» **Try it**: Give back every line of the data exactly. Pictures are not part of the copy.

» **Information shown**:
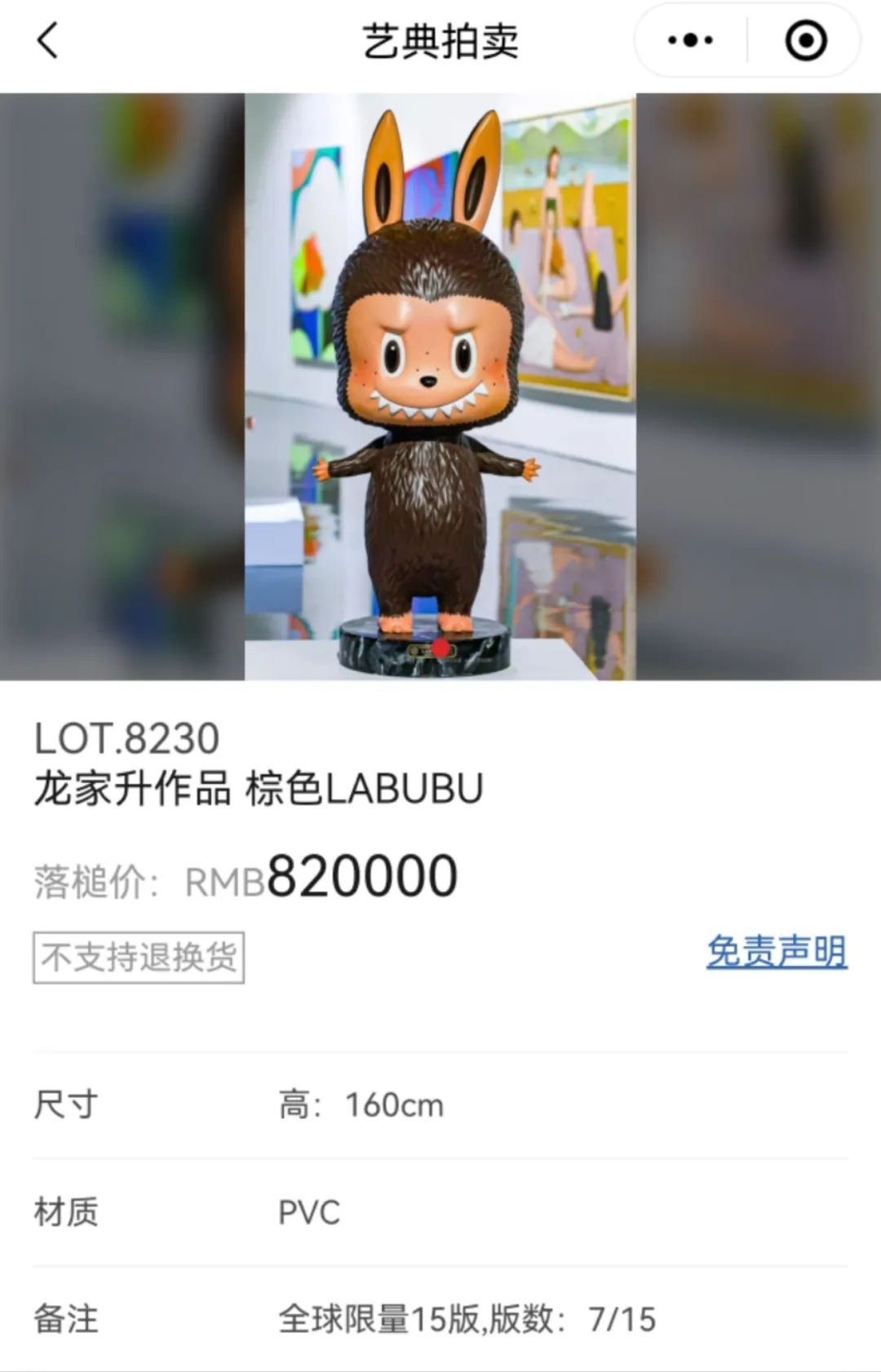 6月10日,在永乐2025春季拍卖会上,一款显示为初代藏品级薄荷色的LABUBU最终以108万元的天价完成竞拍。据了解,此次拍卖出现在全球首场初代藏品级LABUBU艺术专场。该款LABUBU尺寸为高131cm,材质为PVC,颜色为薄荷色,在备注栏标注了“全球唯一一只”。除此之外,一款全球限量15版棕色LABUBU以82万元成交。
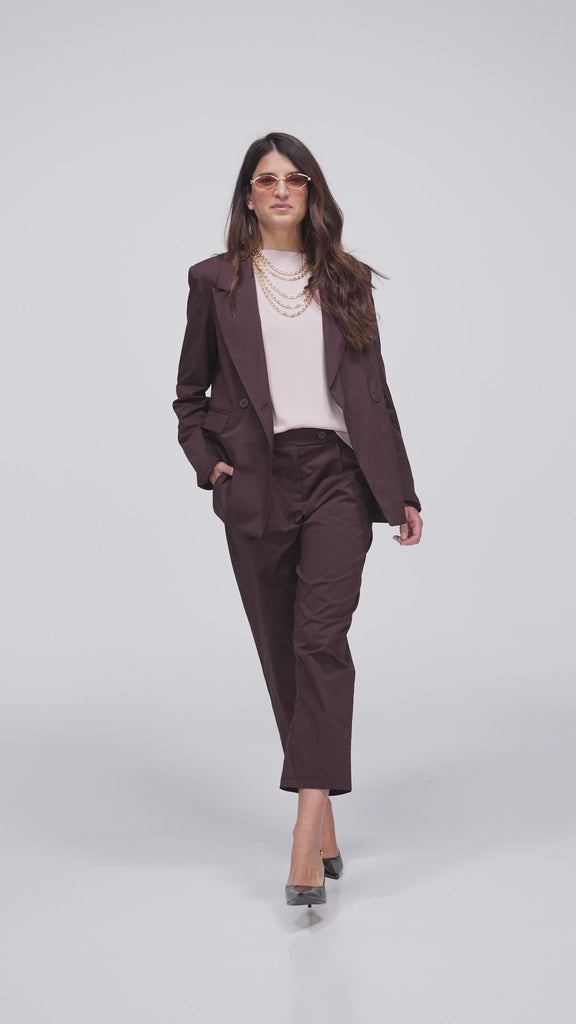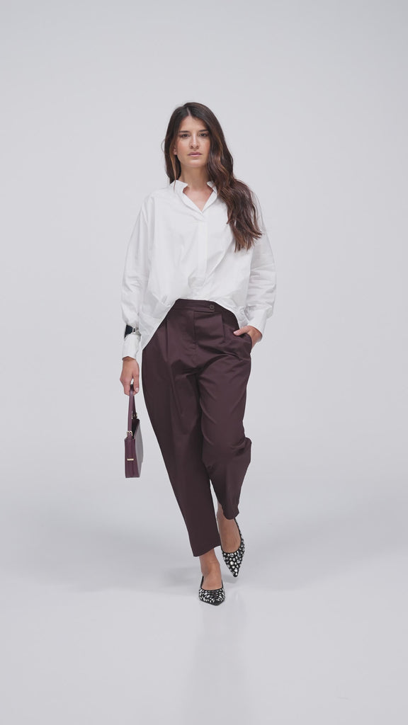 PANTALONE PRIMAVERILE OVETTO CON PINCES, LUNGHEZZA ALLA CAVIGLIA, IN TESSUTO TECNICO DI COTONE E NYLON MORBIDO E CONFORTEVOLE. PUOI ABBINARLO ALLA GIACCA MAVERICK PER UN TOTAL LOOK. Prodotto PSlove Made in Italy
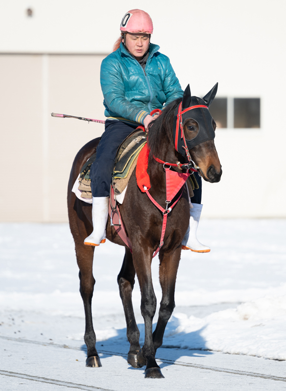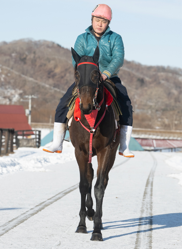 現在は、屋根付きのダートコースでダクを1000m、ハロン25秒を上限とするキャンターを2000m乗っています。走ることに対して非常に真面目で、ひたむきな姿は好感が持てます。左回りに比べてスムーズさに欠けていた右回りでは、効率の良い走りを掴みつつあり、脚捌きがスムーズになってきました。距離を延ばしてもバテずに走れており、基礎体力は着実に強化されています。このまま下地の強化に力を入れていきます。現在の馬体重は450kg。
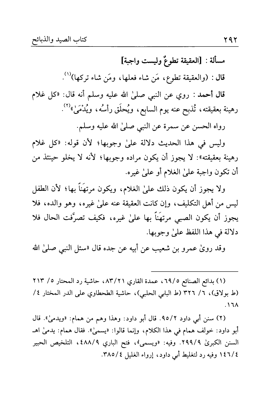 مسألة:] العقيقة تطوعٌ وليست واجبة [

» **Reply**:
 6月10日,在永乐2025春季拍卖会上,一款显示为初代藏品级薄荷色的LABUBU最终以108万元的天价完成竞拍。据了解,此次拍卖出现在全球首场初代藏品级LABUBU艺术专场。该款LABUBU尺寸为高131cm,材质为PVC,颜色为薄荷色,在备注栏标注了“全球唯一一只”。除此之外,一款全球限量15版棕色LABUBU以82万元成交。
 PANTALONE PRIMAVERILE OVETTO CON PINCES, LUNGHEZZA ALLA CAVIGLIA, IN TESSUTO TECNICO DI COTONE E NYLON MORBIDO E CONFORTEVOLE. PUOI ABBINARLO ALLA GIACCA MAVERICK PER UN TOTAL LOOK. Prodotto PSlove Made in Italy
 現在は、屋根付きのダートコースでダクを1000m、ハロン25秒を上限とするキャンターを2000m乗っています。走ることに対して非常に真面目で、ひたむきな姿は好感が持てます。左回りに比べてスムーズさに欠けていた右回りでは、効率の良い走りを掴みつつあり、脚捌きがスムーズになってきました。距離を延ばしてもバテずに走れており、基礎体力は着実に強化されています。このまま下地の強化に力を入れていきます。現在の馬体重は450kg。
 مسألة:] العقيقة تطوعٌ وليست واجبة [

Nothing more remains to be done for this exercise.